Ha, I’m not sure I could use the word “smooth” to describe working in music. I believe working in music can be a really rewarding career—one anyone with the courage to take it on should go for. What that being said, the music industry comes with so many challenges that I jokingly tell people you have to be “seriously crazy and addicted” to make it work.
When I first started working professionally, the hardest part for me was staying focused and persistent when things didn’t work out the way I wanted them to. Especially when I moved to Los Angeles because I only knew a handful of people. It’s about learning how to utilize your time when you are not as busy as you’d like to be. I’m certain this isn’t a problem that only plagues musicians, but all self-employed people.

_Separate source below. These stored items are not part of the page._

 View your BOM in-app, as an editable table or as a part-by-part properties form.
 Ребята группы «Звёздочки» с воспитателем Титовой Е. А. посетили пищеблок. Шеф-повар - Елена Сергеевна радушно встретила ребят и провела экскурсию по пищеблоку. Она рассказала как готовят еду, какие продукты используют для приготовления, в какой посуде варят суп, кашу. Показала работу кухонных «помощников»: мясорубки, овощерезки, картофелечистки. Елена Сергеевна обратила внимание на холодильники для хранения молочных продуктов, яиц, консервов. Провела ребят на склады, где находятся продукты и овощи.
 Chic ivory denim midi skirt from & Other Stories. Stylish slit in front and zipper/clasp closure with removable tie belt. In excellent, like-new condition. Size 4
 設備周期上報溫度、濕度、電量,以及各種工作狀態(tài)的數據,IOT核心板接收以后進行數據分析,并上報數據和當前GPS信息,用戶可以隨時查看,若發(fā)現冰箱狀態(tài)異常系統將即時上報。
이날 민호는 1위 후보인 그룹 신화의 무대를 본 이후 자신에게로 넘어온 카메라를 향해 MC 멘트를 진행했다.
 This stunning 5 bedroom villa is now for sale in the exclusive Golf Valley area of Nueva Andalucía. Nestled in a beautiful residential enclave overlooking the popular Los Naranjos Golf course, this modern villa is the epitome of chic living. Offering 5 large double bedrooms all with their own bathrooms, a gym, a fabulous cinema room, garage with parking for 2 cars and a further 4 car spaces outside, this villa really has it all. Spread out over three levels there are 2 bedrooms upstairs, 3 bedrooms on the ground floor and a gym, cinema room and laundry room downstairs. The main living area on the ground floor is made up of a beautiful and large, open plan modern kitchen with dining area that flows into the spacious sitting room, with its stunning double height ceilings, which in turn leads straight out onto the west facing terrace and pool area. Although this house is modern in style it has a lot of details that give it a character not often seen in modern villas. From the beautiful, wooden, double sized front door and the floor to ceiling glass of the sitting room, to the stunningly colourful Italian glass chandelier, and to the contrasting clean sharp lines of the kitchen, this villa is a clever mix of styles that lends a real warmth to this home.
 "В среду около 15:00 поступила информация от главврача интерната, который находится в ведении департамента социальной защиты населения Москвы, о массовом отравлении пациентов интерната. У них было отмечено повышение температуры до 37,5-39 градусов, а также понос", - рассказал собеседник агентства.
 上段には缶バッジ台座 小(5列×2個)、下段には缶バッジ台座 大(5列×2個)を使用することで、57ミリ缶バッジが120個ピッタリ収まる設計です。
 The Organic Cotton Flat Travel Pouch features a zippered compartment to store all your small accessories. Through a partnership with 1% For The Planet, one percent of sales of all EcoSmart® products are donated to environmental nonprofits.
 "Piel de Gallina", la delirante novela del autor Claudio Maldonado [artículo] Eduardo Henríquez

It’s just like running a business, and sometimes you have to re-focus your energy and take matters into your own hands. I saw more fruit in my career by asking for exactly what I wanted from people, even though it feels awkward at times. Not only did I find more work, but I was also able to land better work. It’s easy in creative industries to feel like you hit a brick wall, but one way or another you have to get through it.
Tell us more about your work.
I’m a guitarist and producer primarily. I make sure to learn as much as I can about everything that goes into live show production and studio recording. Slowly over the years, I’ve added to my skill set by learning other instruments, show design and production. I can troubleshoot almost anything that goes down on stage. I try to make myself irreplaceable. I think I’m obsessed with it all, and sometimes probably to a fault.
But it has allowed me to work when maybe other people are not. For example, even if an artist doesn’t require a full band, I can go in and help do a quick acoustic performance, record a live show, or put together the backing tracks for the artist, thus filling out the performance. The guitar is only one piece of the puzzle that led to my career today.
How do you think the industry will change over the next decade?
Wow, that’s a really tough question. My crystal ball seems to be a bit foggy right now. Hopefully, with the way technology and the internet are progressing, there will be more opportunities to release and monetize music on your terms without the need for so many middlemen.